- **Exercise requirements**: From the first line of the listing below through the line with "Steiff plush vintage", transcribe exactly and skip the pictures.

- **Recorded data**:
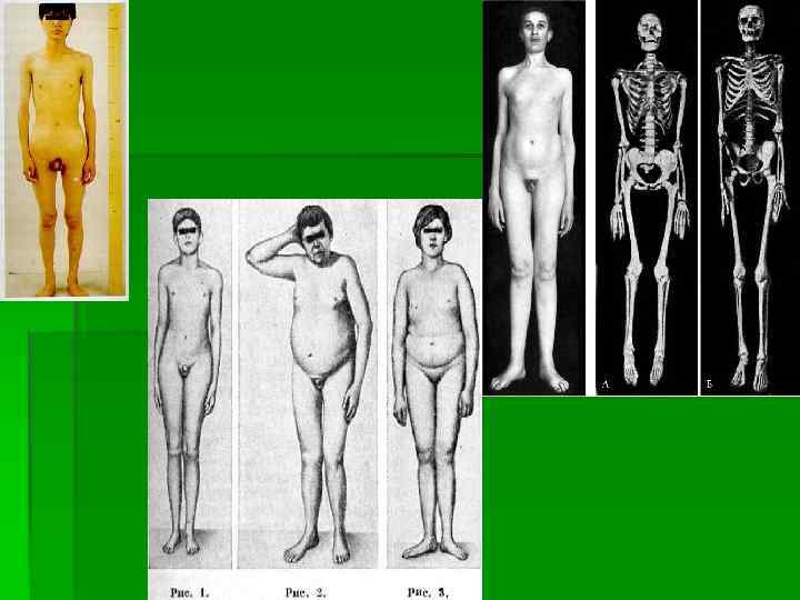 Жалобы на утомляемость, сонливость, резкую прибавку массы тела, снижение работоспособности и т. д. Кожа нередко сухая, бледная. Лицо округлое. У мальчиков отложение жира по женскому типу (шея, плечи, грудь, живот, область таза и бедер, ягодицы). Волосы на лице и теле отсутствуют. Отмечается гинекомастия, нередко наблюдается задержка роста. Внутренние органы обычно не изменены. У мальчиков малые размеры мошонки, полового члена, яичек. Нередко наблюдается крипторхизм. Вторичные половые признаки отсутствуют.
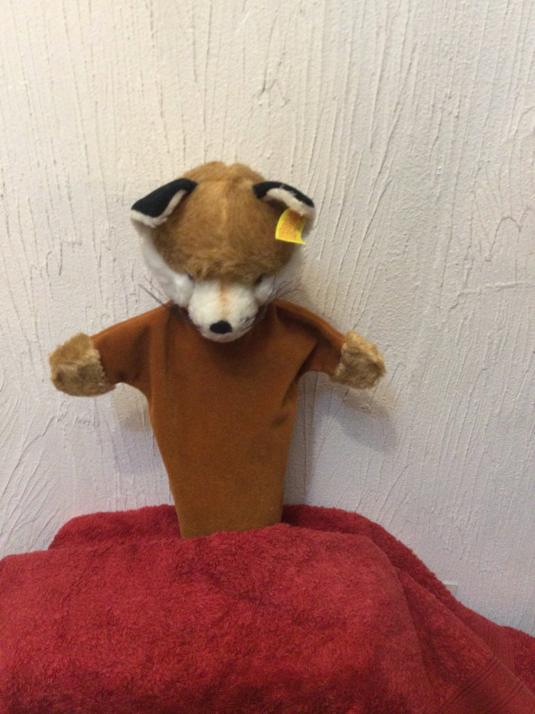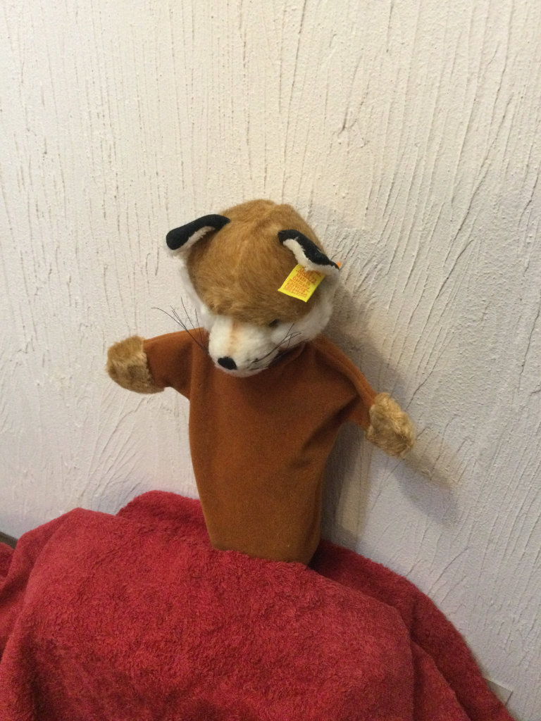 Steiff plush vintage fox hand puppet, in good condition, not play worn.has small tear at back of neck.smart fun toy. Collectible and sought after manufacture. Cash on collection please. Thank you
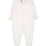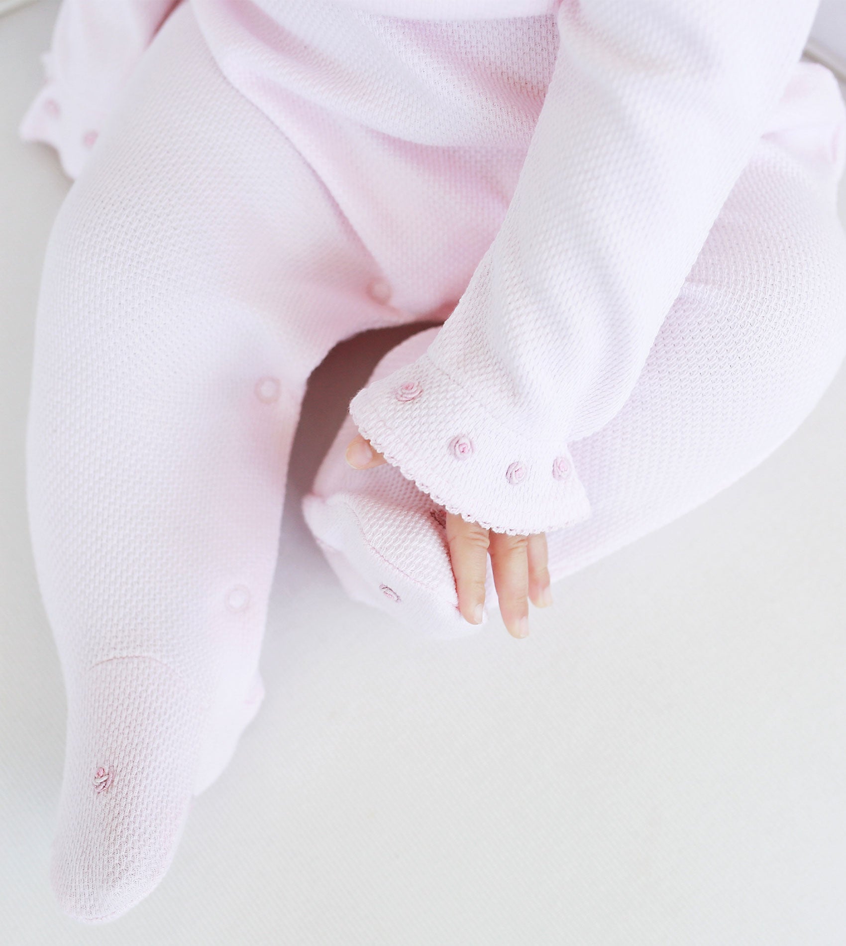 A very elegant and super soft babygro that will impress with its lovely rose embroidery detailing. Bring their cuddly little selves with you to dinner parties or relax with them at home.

- **Finished exercise**:
 Жалобы на утомляемость, сонливость, резкую прибавку массы тела, снижение работоспособности и т. д. Кожа нередко сухая, бледная. Лицо округлое. У мальчиков отложение жира по женскому типу (шея, плечи, грудь, живот, область таза и бедер, ягодицы). Волосы на лице и теле отсутствуют. Отмечается гинекомастия, нередко наблюдается задержка роста. Внутренние органы обычно не изменены. У мальчиков малые размеры мошонки, полового члена, яичек. Нередко наблюдается крипторхизм. Вторичные половые признаки отсутствуют.
 Steiff plush vintage fox hand puppet, in good condition, not play worn.has small tear at back of neck.smart fun toy. Collectible and sought after manufacture. Cash on collection please. Thank you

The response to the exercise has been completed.